560 Wichtige Kriterien zur Abschätzung der Suizidgefahr

 

Fragenkataloge:

→ I: Fragenkatalog zur Abschätzung der Suizidalität nach Pöldinger: Hierbei handelt es sich um einen gezielten Fragenkatalog zur Erfassung des Suizidrisikos (die maximale Punktzahl liegt bei 16 P).

→ 1) Haben Sie Selbstmordgedanken,

→ 2) Erfassung der Häufigkeit der Gedanken,

→ 3) Halten Sie Ihre Situation für aussichts- bzw. hoffnungslos.

→ 4) Hat in Ihrem Familien- oder Freundeskreis jemand versucht, sich zu suizidieren.

→ 5) Fällt es Ihnen schwer, an etwas anderes zu denken.  

→ 6) Haben sich deutlich weniger zwischenmenschliche Kontakte als früher.

→ 7) Fragen nach konkreten Ideen, wie die Selbsttötung vollzogen werden soll. 

→ 8) Haben Sie schon Vorbereitung getroffen.

→ 9) Haben Sie mit ihrer Familie/ Freunden gesprochen.

→ 10) Empfinden Sie die Situation als ausweglos. usw.

II: Suizidabsichtsskala: Beinhaltet unter anderem nachfolgende Faktoren (einige Beispiele):

250 Suizidabsichtsskala:

 

Anamnese-Ablauf: Allgemein kann gesagt werden, dass es keine einfache und absolut sichere Methode zur Beurteilung der Suizidalität gibt.

→ I: Zur Diagnostik der Suizidalität gehört eine ausführliches Eingehen auf den Patienten.

→ II: Gesprächsführung: Sie ist offen, direkt und einfühlsam, dem Patienten individuell angepasst.

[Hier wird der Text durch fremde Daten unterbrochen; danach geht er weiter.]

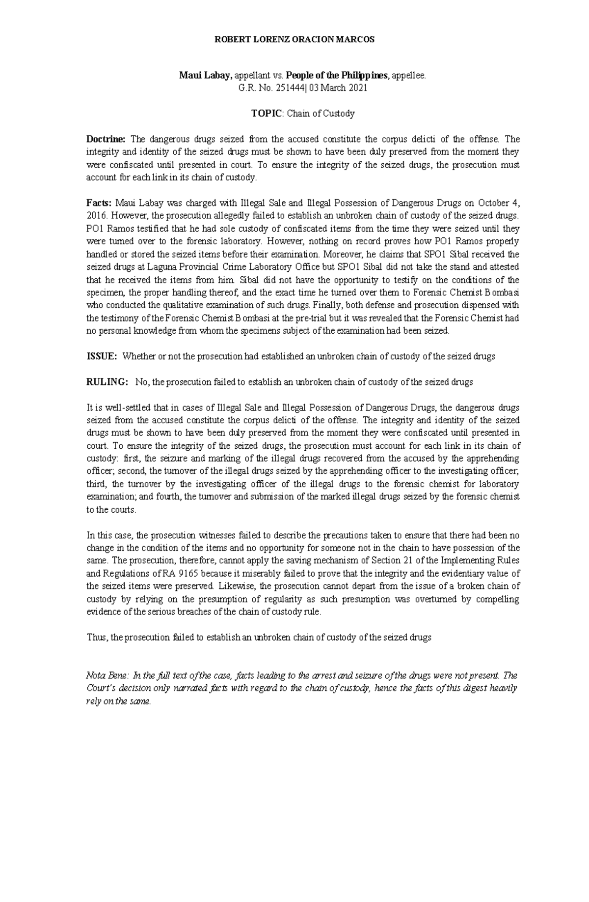 People vs. Labay Marcos: Analysis of Chain of Custody Issues - Studocu

Wichtig hierbei sind nachfolgende Aspekte zu beachten:

→ 1) Erst durch eine längeres Gespräch bildet sich eine therapeutische Beziehungsebene aus, die es ermöglicht mit dem Patient über eventuelle Suizidtendenzen offen zu sprechen (= aktives Ansprechen).

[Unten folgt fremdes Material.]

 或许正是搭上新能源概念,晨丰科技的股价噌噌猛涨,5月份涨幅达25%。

2) Meist führt gerade das Sprechen über Suizidgedanken zur Entlastung und zum Aufbrechen suizidaler Einengungen.

→ III: Exploration: der Suizidalität sollte folgende Aspekte miteinbeziehen:

→ 1) Erfassung der aktuellen Suizidgedanken: Dieser Aspekt beinhaltet Faktoren wie Lebensunlust, Wunsch nach Pause, Veränderung im Leben, flüchtiger oder anhaltender Handlungsdruck, Fragen nach flüchtigen oder anhaltenden Suizidideen bzw. -gedanken, nach konkreten Suizidplänen und Vorbreitungen wie Überlegung der Suizidmethode, Sammeln von Medikamenten, Abschiedsbrief etc.

→ 2) Erfassung psychopathologischer Symptome: Erfassung von Suchterkrankungen, Depression, Schizophrenie und Persönlichkeitsstörungen. Dies beinhaltet auch das Eruieren von Ängsten, paranoider Gestimmtheit, abnormen Persönlichkeitszügen (Impulsivität, Aggressivität, vermindertes Selbstwertgefühl, etc.), innerer Unruhe, Hoffnungslosigkeit, chronischen Schmerzzuständen.

→ 3) Erfassung anamnestischer Faktoren: Unglückliche Kindheit, Broken-Home-Situation, Verhaltensstörungen in der Kindheit und Jugend, chronisch-somatische Erkrankungen, Suizidversuche in der eigenen Biographie, in der Familie oder im direkten sozialen Umfeld.

→ 4) Erfassung der aktuellen Lebenssituation: Wie aktuelle Lebenskrisen durch Verlust eines Lebenspartners (getrennt, geschieden, verwitwet), wichtiger Personen, des Weiteren betrifft es schulische und berufliche Situationen/Misserfolge, finanzielle Probleme, Arbeitslosigkeit etc.

559 Risikofaktoren für einen akuten Suizidversuch

 

Klinisch-relevant: Suizidenten müssen nicht immer verzweifelt und unruhig sein. Vielmehr findet man gerade im Stadium der Entschlossenheit (nach Pöldinger) eine Gelassenheit (bei vorheriger Unruhe), die fehldiagnostiziert werden kann.